## Supplied records
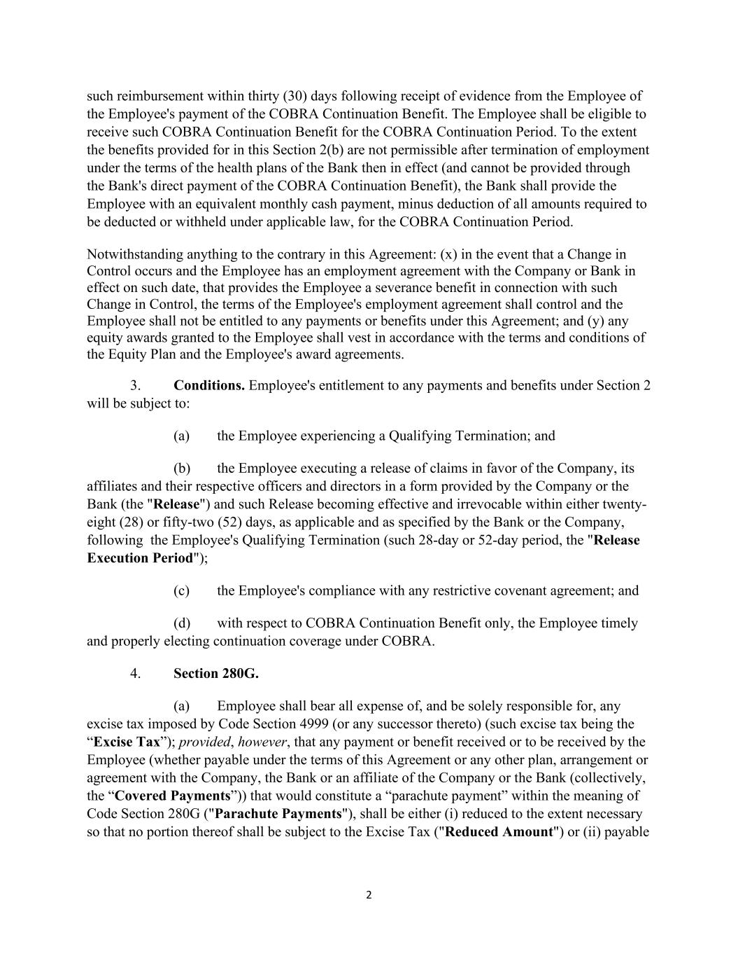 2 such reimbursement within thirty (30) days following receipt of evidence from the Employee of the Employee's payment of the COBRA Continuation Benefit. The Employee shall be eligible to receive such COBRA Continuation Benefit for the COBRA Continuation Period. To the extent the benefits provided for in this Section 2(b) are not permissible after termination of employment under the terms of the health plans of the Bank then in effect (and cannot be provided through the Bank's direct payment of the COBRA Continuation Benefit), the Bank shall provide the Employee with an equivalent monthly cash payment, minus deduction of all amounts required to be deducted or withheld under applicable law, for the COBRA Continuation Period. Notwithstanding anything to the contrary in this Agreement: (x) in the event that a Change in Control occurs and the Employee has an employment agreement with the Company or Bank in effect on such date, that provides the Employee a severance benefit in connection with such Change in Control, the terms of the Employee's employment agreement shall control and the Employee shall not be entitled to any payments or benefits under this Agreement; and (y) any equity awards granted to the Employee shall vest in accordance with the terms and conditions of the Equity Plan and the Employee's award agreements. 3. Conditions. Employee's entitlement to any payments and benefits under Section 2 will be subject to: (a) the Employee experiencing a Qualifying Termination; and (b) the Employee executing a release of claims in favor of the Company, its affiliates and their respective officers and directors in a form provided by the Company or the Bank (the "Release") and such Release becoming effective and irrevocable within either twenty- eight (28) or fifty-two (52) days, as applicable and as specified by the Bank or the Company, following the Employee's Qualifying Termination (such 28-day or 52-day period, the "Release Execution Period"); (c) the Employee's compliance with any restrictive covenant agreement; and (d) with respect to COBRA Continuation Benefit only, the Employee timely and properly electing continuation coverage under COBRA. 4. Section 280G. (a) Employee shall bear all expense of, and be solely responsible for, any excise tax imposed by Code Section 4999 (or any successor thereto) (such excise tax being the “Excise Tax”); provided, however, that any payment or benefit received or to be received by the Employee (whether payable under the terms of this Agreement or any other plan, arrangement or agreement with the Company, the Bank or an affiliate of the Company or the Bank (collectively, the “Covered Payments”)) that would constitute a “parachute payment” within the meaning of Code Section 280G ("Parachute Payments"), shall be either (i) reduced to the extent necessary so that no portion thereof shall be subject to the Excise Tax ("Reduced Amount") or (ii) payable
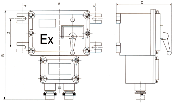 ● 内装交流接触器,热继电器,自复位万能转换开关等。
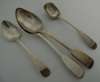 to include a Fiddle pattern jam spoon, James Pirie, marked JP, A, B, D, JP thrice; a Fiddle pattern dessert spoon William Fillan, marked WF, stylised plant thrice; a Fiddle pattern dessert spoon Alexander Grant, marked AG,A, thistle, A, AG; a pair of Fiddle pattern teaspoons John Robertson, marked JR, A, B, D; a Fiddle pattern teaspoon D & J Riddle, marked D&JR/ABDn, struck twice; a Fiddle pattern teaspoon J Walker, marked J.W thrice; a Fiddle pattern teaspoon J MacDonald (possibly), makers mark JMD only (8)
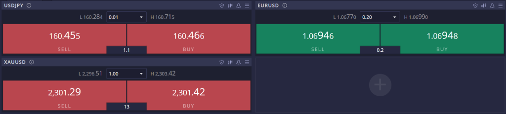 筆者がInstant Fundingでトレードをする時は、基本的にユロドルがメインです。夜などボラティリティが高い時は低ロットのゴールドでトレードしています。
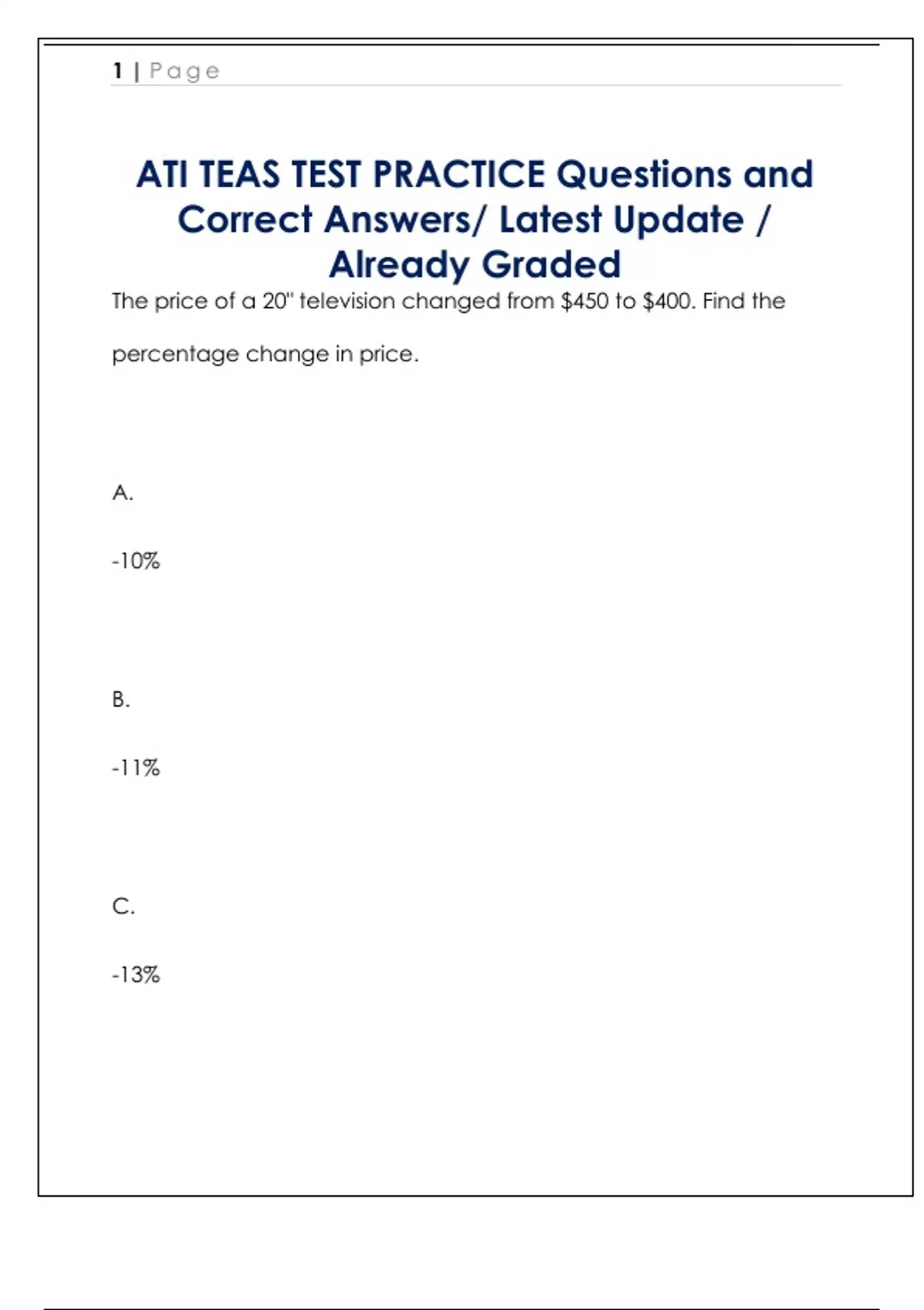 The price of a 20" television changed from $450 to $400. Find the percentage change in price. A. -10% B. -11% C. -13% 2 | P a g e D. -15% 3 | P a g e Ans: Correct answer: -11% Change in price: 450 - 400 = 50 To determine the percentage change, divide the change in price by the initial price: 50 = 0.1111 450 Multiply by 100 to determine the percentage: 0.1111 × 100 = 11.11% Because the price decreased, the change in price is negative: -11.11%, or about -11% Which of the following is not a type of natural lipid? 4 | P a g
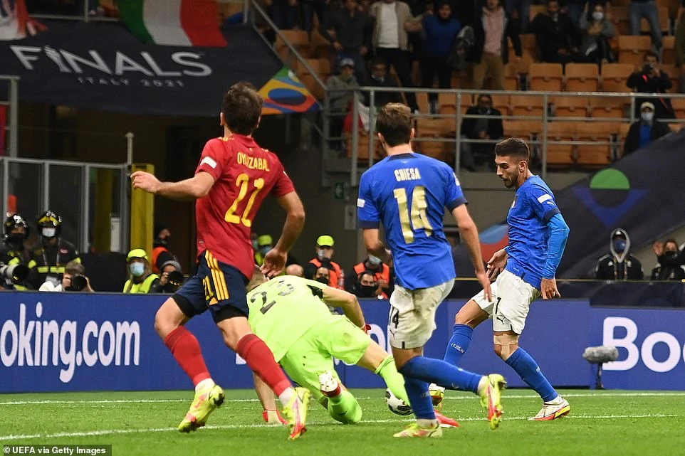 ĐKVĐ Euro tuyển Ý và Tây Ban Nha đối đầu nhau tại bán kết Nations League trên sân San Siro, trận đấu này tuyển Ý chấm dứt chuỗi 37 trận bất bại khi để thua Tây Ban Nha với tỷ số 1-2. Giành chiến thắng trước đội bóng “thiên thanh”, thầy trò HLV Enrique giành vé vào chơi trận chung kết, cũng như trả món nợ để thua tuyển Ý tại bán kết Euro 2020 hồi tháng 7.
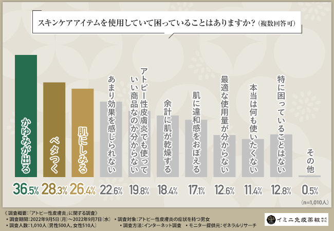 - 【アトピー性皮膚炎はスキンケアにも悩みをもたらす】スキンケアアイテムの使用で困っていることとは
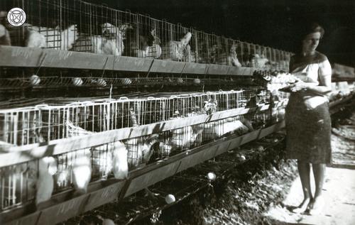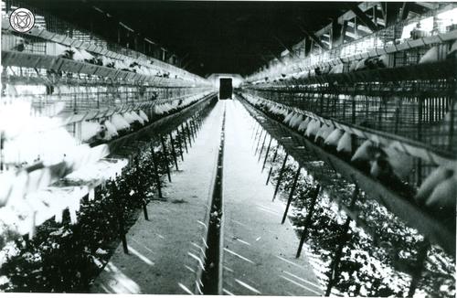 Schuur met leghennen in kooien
---
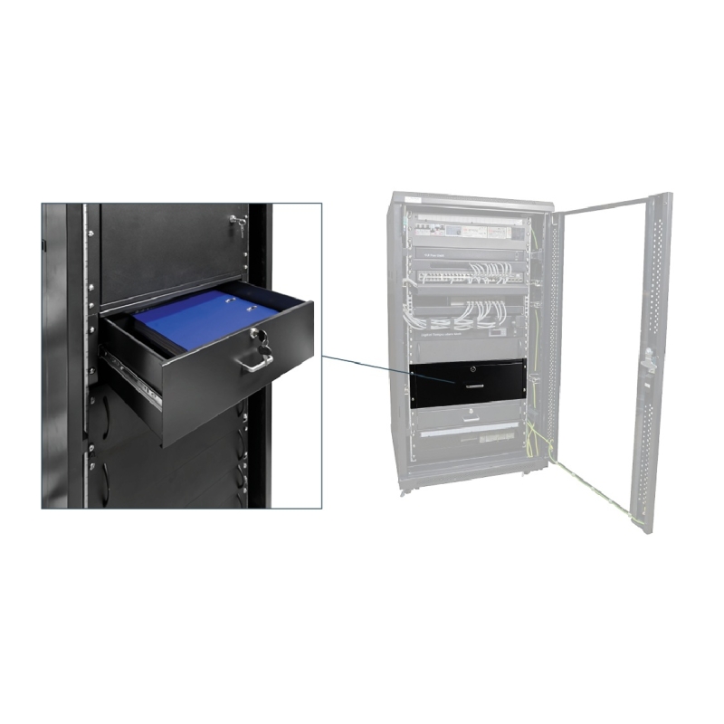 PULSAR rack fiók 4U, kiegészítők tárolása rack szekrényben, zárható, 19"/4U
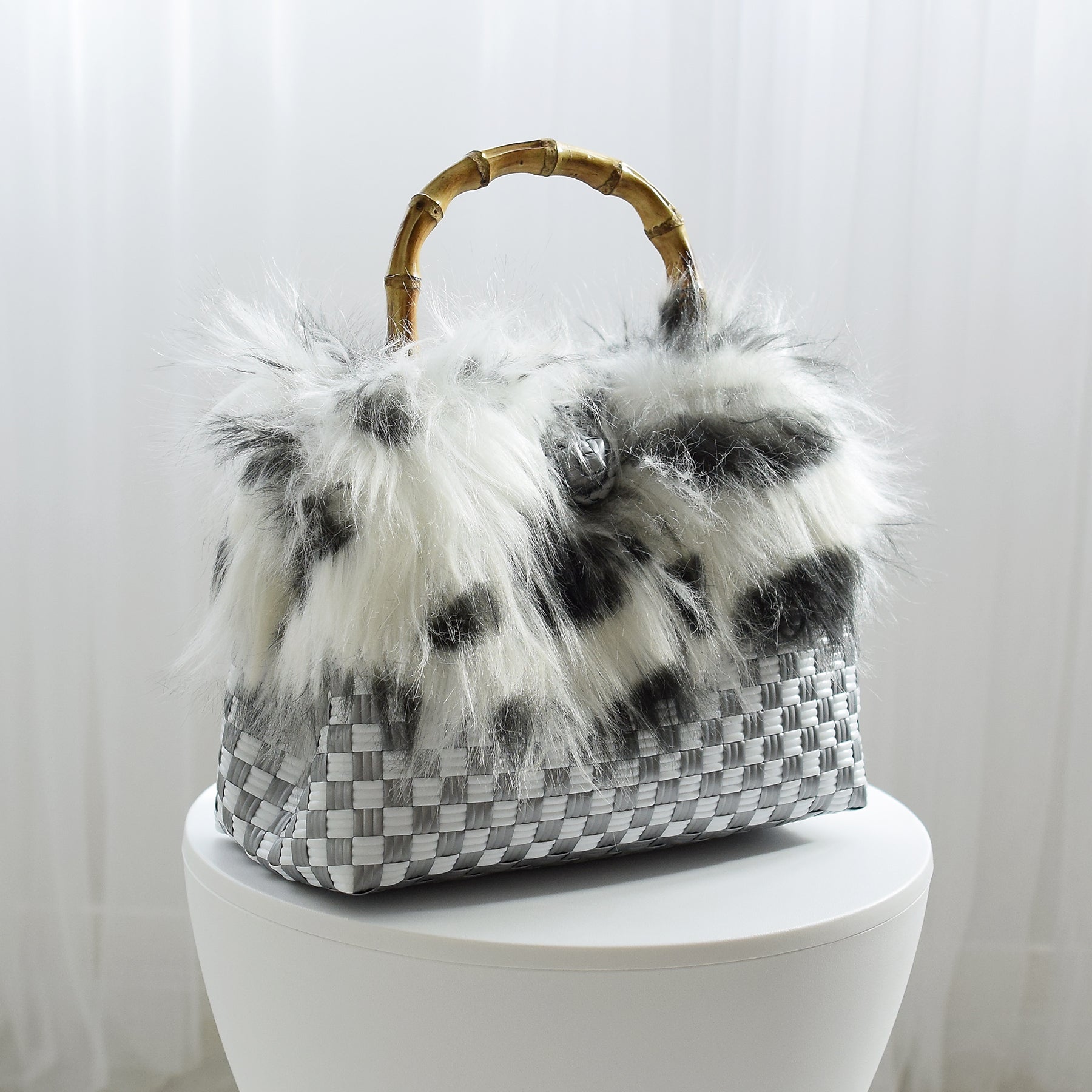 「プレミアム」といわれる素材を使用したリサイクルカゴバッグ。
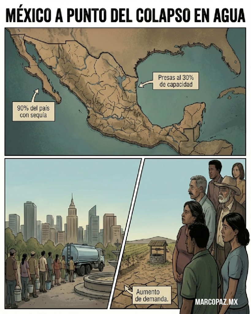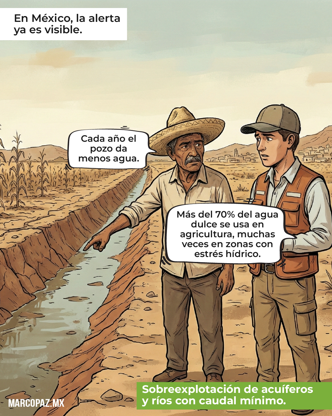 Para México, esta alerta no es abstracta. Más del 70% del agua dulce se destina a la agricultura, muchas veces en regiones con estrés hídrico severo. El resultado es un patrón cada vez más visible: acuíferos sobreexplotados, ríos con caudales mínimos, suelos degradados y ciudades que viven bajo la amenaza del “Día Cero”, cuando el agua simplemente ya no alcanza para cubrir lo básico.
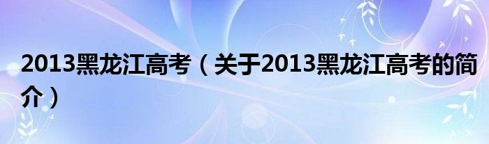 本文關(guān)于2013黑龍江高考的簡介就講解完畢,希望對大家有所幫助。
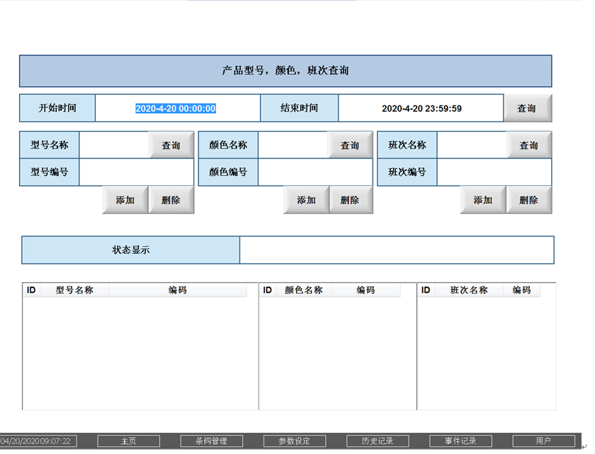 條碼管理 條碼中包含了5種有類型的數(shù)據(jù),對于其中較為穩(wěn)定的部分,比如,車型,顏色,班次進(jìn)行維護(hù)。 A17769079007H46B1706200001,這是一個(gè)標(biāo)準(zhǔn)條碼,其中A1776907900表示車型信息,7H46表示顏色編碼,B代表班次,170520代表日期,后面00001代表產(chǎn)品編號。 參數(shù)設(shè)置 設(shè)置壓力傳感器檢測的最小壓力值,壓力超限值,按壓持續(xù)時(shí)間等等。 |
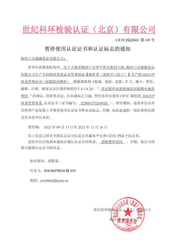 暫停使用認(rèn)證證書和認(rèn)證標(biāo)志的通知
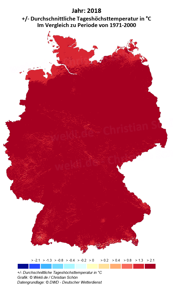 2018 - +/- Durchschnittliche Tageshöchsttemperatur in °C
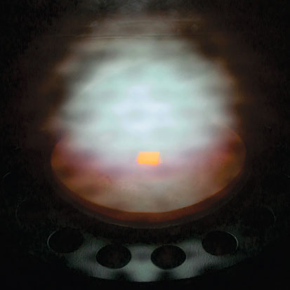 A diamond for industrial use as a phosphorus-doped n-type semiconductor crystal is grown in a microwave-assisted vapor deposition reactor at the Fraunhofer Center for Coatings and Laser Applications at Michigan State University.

## Your objective
Starting with the line that has "2018 - +/- Durchschnittliche" and ending with the line that has "A diamond for", repeat the lines above exactly, omitting every picture.

## The completed task
 2018 - +/- Durchschnittliche Tageshöchsttemperatur in °C
 A diamond for industrial use as a phosphorus-doped n-type semiconductor crystal is grown in a microwave-assisted vapor deposition reactor at the Fraunhofer Center for Coatings and Laser Applications at Michigan State University.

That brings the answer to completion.